Start of Materials provided
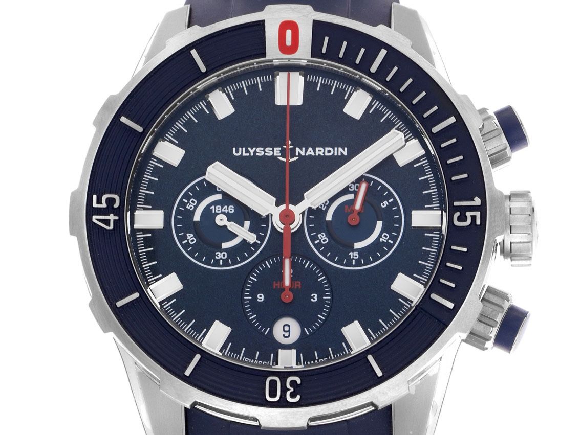 Ulysse Nardin Diver Stahl Automatik Chronograph Armband KautschukGehäuse Titan poliert und satiniert, Gehäusedurchmesser ohne Krone 44mm, Gehäusehöhe 16,2mm. Lünette Titan poliert und satiniert mit blauem Inlay, 60-Minuten Skala, einseitig drehbar. Armband Kautschuk dunkelblau mit einem Titanelement, Anstoßbreite 22mm, Stiftschließe Titan mit Hersteller-Logo. Zifferblatt blau mit aufgesetzten Edelstahl Leuchtindexen und Edelstahl Leuchtzeigern. Uhrwerk Automatik, Ulysse Nardin Manufakturkaliber UN-150 mit 25 Edelsteinen, Gangreserve ca. 48 Stunden, Silizium Hemmung. Anzeige von Stunde und Minute über Zeiger aus der Mitte, kleine Sekunde mit Sekundenstopp zur sekundengenauen Einstellung der Uhrzeit bei 9 Uhr, Datumsanzeige mit Schnellverstellung unter Glaslupe bei 6 Uhr. Saphirglas kratzfest. Krone Titan verschraubbar mit Hersteller-Logo, Chronographendrücker verschraubbar. Boden Titan 6-fach verschraubt und graviert mit Saphirglas Sichtfenster. Gewicht der Uhr inklusive Armband 107g. Wasserdicht bis 30 ATM. Referenznummer: 1503-170-3/93, ID: ST1160181901125H-13770, Artikelnummer: 10000083249. Original Ulysse Nardin Box mit Umkarton und Garantie Papiere von Oktober 2025 sowie Beschreibung, Full Set. Ungetragen. Lieferzeit sofort.
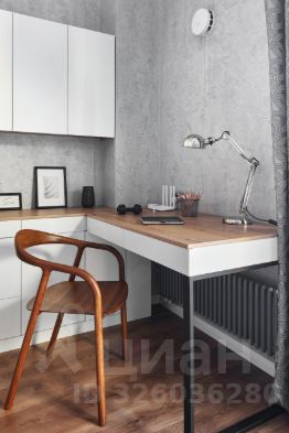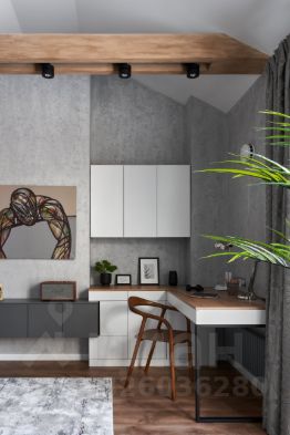 Встроенная мебель для личных вещей и рабочее место . Также имеются доп. места для хранения в нишах.
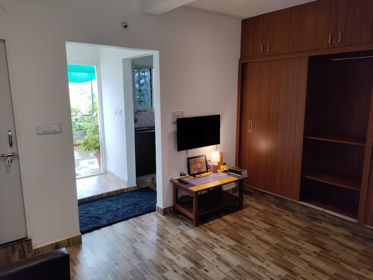 Mud & Mango is a cozy 200 sqft garden studio just 15 minutes from airport. This tiny home has earthy handcrafted interiors with unique tile work and opens into a small private garden with a young mango tree. Being a corner property, you may hear passing vehicles and the nearby playschool (8 am–2 pm). As the evening sets in the place slowly transforms into a calm and beautiful setting, truly charming. I live within the larger property, separated by a thick plant boundary, happy to help if needed.
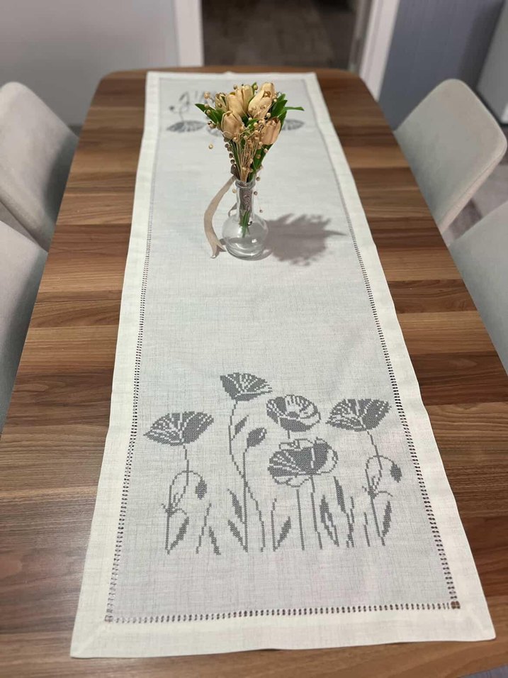 Gri nakışlı çiçek desenine ve ince kenar detaylarına sahip beyaz masa örtüsü, masanıza klasik bir dokunuş katar. #runner #masaörtüsü #kaneviçe #çeyiz
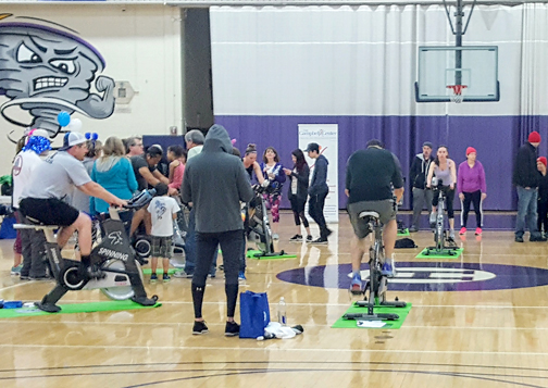 On Feb. 26, The Campbell Center (TCC) held its inaugural bike race event at the Hoover High School main gymnasium to raise funds for its mission. With music blaring, courtesy of super DJ Shai’La whose mix of songs had everyone hopping, singing along and dancing to the beat, nearly 100 participants, cheerleaders, spectators, TCC clients, board members and volunteers filled the gym. Their energy fueled bikers who pedaled their way to the finish line. Each biker rode as part of a team and also competed for their own individual place as well as their team’s prize. Prizes were awarded for most dollars raised and most miles pedaled. While friendly in spirit, the competing bikers were serious about their 20 minutes on the bike and gave it their all.
End of Materials provided
▸ Exercise aim:
What is needed is an exact copy of the data, without any pictures.

▸ Task response:
 Ulysse Nardin Diver Stahl Automatik Chronograph Armband KautschukGehäuse Titan poliert und satiniert, Gehäusedurchmesser ohne Krone 44mm, Gehäusehöhe 16,2mm. Lünette Titan poliert und satiniert mit blauem Inlay, 60-Minuten Skala, einseitig drehbar. Armband Kautschuk dunkelblau mit einem Titanelement, Anstoßbreite 22mm, Stiftschließe Titan mit Hersteller-Logo. Zifferblatt blau mit aufgesetzten Edelstahl Leuchtindexen und Edelstahl Leuchtzeigern. Uhrwerk Automatik, Ulysse Nardin Manufakturkaliber UN-150 mit 25 Edelsteinen, Gangreserve ca. 48 Stunden, Silizium Hemmung. Anzeige von Stunde und Minute über Zeiger aus der Mitte, kleine Sekunde mit Sekundenstopp zur sekundengenauen Einstellung der Uhrzeit bei 9 Uhr, Datumsanzeige mit Schnellverstellung unter Glaslupe bei 6 Uhr. Saphirglas kratzfest. Krone Titan verschraubbar mit Hersteller-Logo, Chronographendrücker verschraubbar. Boden Titan 6-fach verschraubt und graviert mit Saphirglas Sichtfenster. Gewicht der Uhr inklusive Armband 107g. Wasserdicht bis 30 ATM. Referenznummer: 1503-170-3/93, ID: ST1160181901125H-13770, Artikelnummer: 10000083249. Original Ulysse Nardin Box mit Umkarton und Garantie Papiere von Oktober 2025 sowie Beschreibung, Full Set. Ungetragen. Lieferzeit sofort.
 Встроенная мебель для личных вещей и рабочее место . Также имеются доп. места для хранения в нишах.
 Mud & Mango is a cozy 200 sqft garden studio just 15 minutes from airport. This tiny home has earthy handcrafted interiors with unique tile work and opens into a small private garden with a young mango tree. Being a corner property, you may hear passing vehicles and the nearby playschool (8 am–2 pm). As the evening sets in the place slowly transforms into a calm and beautiful setting, truly charming. I live within the larger property, separated by a thick plant boundary, happy to help if needed.
 Gri nakışlı çiçek desenine ve ince kenar detaylarına sahip beyaz masa örtüsü, masanıza klasik bir dokunuş katar. #runner #masaörtüsü #kaneviçe #çeyiz
 On Feb. 26, The Campbell Center (TCC) held its inaugural bike race event at the Hoover High School main gymnasium to raise funds for its mission. With music blaring, courtesy of super DJ Shai’La whose mix of songs had everyone hopping, singing along and dancing to the beat, nearly 100 participants, cheerleaders, spectators, TCC clients, board members and volunteers filled the gym. Their energy fueled bikers who pedaled their way to the finish line. Each biker rode as part of a team and also competed for their own individual place as well as their team’s prize. Prizes were awarded for most dollars raised and most miles pedaled. While friendly in spirit, the competing bikers were serious about their 20 minutes on the bike and gave it their all.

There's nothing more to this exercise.